Binghe XU ; Qingyuan ZHANG ; Xichun HU ; Qing LI ; Tao SUN ; Wei LI ; Quchang OUYANG ; Jingfen WANG ; Zhongsheng TONG ; Min YAN ; Huiping LI ; Xiaohua ZENG ; Changping SHAN ; Xian WANG ; Xi YAN ; Jian ZHANG ; Yue ZHANG ; Jiani WANG ; Liang ZHANG ; Ying LIN ; Jifeng FENG ; Qianjun CHEN ; Jian HUANG ; Lu ZHANG ; Lisong YANG ; Ying TIAN ; Hongyan SHANG
Acta Pharmaceutica Sinica B 2023;13(5):2250-2258
Entinostat plus exemestane in hormone receptor-positive (HR+) advanced breast cancer (ABC) previously showed encouraging outcomes. This multicenter phase 3 trial evaluated the efficacy and safety of entinostat plus exemestane in Chinese patients with HR + ABC that relapsed/progressed after ≥1 endocrine therapy. Patients were randomized (2:1) to oral exemestane 25 mg/day plus entinostat (n = 235) or placebo (n = 119) 5 mg/week in 28-day cycles. The primary endpoint was the independent radiographic committee (IRC)-assessed progression-free survival (PFS). The median age was 52 (range, 28-75) years and 222 (62.7%) patients were postmenopausal. CDK4/6 inhibitors and fulvestrant were previously used in 23 (6.5%) and 92 (26.0%) patients, respectively. The baseline characteristics were comparable between the entinostat and placebo groups.
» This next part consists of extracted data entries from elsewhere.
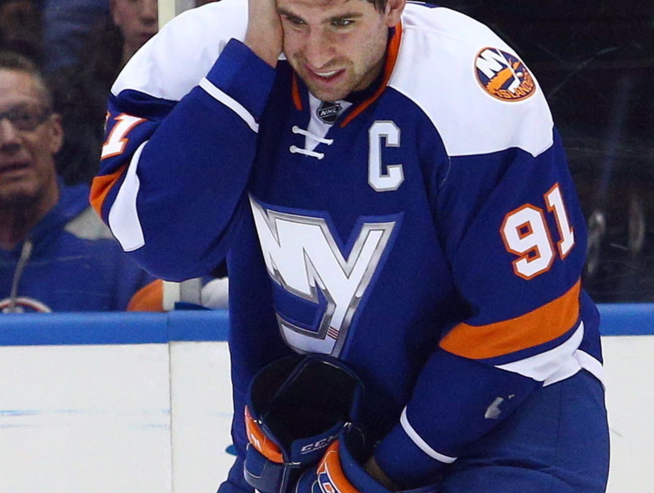 New York Islanders captain John Tavares grabs his ear and winces in pain after being struck by a shot off the stick of Tampa Bay Lightning defenseman Radko Gudas with less than two minutes remaining.
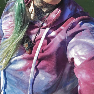 my second one of these [cropped hoodies] they're flattering and a great layer piece. I needed two because I never wanted to take the first one off! beautiful dye job and nice material. thanks!!!
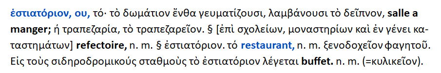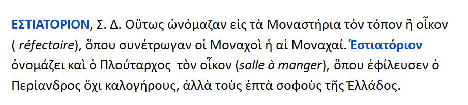 Réfectoire { < Refectorium- ii = εστιατόριον [κοινοβίου ], μεταγενέστερη λέξη } : Έτσι στα μοναστήρια ονόμαζαν τον τόπον ή τον οίκον { =réfectoire } ,όπου συνέτρωγαν οι Μοναχοί ή οι Μοναχές . Eστιατόριον ονομάζει ο Πλούταρχος τον οίκον {= salle a manger } ,όπου φίλευσε ο Περίανδρος [ τύραννος της Κορίνθου ] όχι βεβαίως καλογήρους , αλλά τους επτά σοφούς της Ελλάδος .
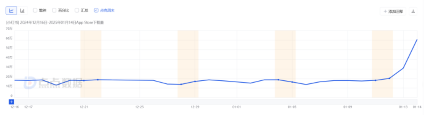 在下载量方面,此前小红书在全球市场苹果端日下载量普遍20万以下,自1月12日起开始飙升,至1月14日美国市场苹果端单日预估下载量达60.8万,较增长前的1月11日提高了42.9万,增幅高达238.8%。
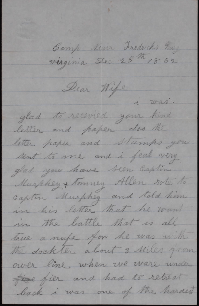 I was glad to receive your kind letter and paper. Also the letter paper and stamps you set to me. And I feel very glad you have seen Captain O’Murphy and Tommy Allen wrote to Captain O’Murphy and told him in his letter that he wasn’t in the battle. That is all true enough for he was with the doctor about three miles from our line when we were under fire and had to retreat back. It was one of the hardest fought battles we have had yet. Men that had been in all of the battles said it was—-just at this moment the Sergeant brought me another letter dated the 22nd inst. from you. Don’t send me no gloves for I have got a pair from the government. Don’t rob yourself to send me anything. You can send me a pipe as I lost the one you bought me and the handkerchiefs. Don’t send me any more papers that cost 8 cents for it is too much to pay for them.
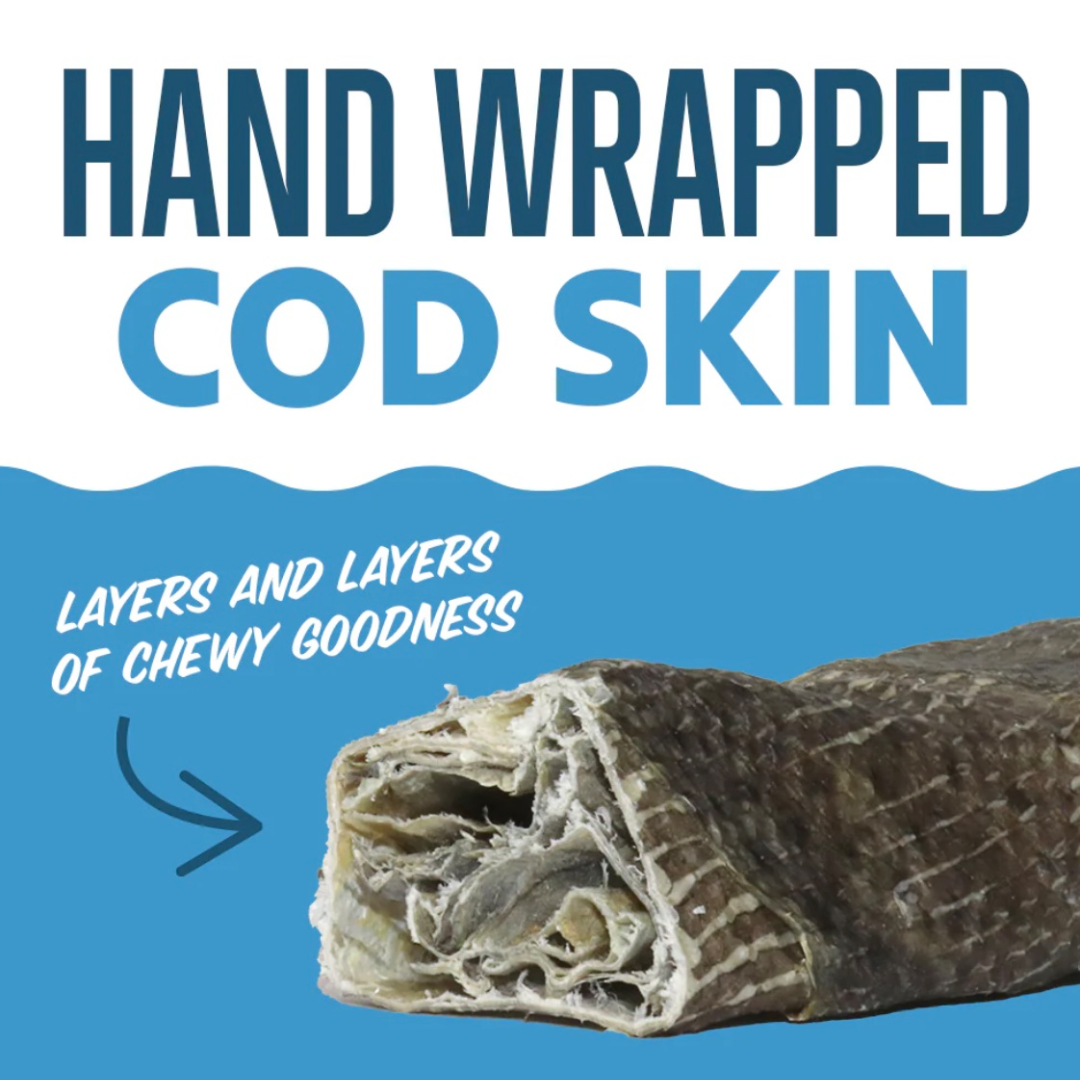 These chew sticks offer more than just a tasty treat. The Omega-3s found in cod skin help reduce inflammation and support heart and immune health, while the chewy texture naturally helps clean your dog’s teeth, reducing plaque and promoting better oral hygiene. Plus, they are an excellent source of lean protein, making them a nutritious choice for dogs of all ages and sizes.
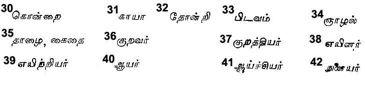 The first two months of the year, ‘Chittirai’48 and ‘Vaikasi’49 comprise the ‘Ila-venil’50 or spring season, the next two months of Ani51 and Adi,52 the Mudhu-venil53 or summer season, the next two months of Avani54 and Purattasi,55 the Kar,56 or rainy season, the next two months of Aippasi57 and Karthigai,58 the Koothir59 or cold season, the next two months of Margali60 and Thai,61 the Mun-pani62 or the season of the evening dews and the last
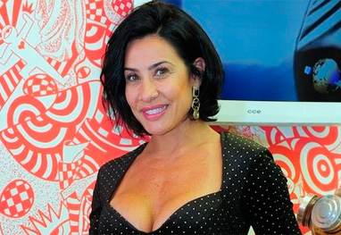 A gata, que já tem 40 anos, exibiu um corpão de dar inveja. Ela usou um shortinho curtinho, blusa branca e sandália de salto alto.
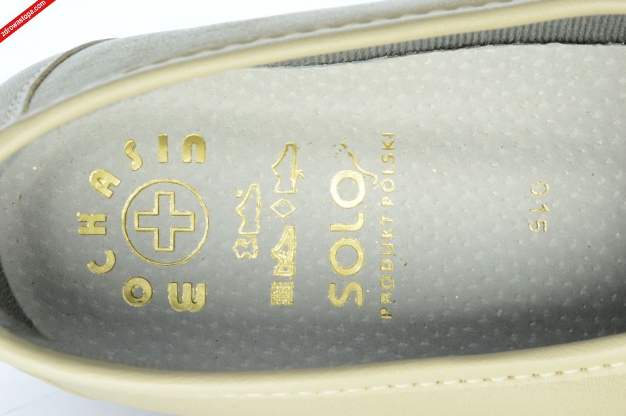 Dodatkowe informacje: klasyczny półbut skórzany firmy SOLO, bardzo miękka skóra w kolorze beżowym o podwyższonej tęgości H, wsuwane, wysokość klinu 30 mm,

The median PFS was 6.32 (95% CI, 5.30-9.11) and 3.72 (95% CI, 1.91-5.49) months in the entinostat and placebo groups (HR, 0.76; 95% CI, 0.58-0.98; P = 0.046), respectively. Grade ≥3 adverse events (AEs) occurred in 154 (65.5%) patients in the entinostat group versus 23 (19.3%) in the placebo group, and the most common grade ≥3 treatment-related AEs were neutropenia [103 (43.8%)], thrombocytopenia [20 (8.5%)], and leucopenia [15 (6.4%)]. Entinostat plus exemestane significantly improved PFS compared with exemestane, with generally manageable toxicities in HR + ABC (ClinicalTrials.gov #NCT03538171).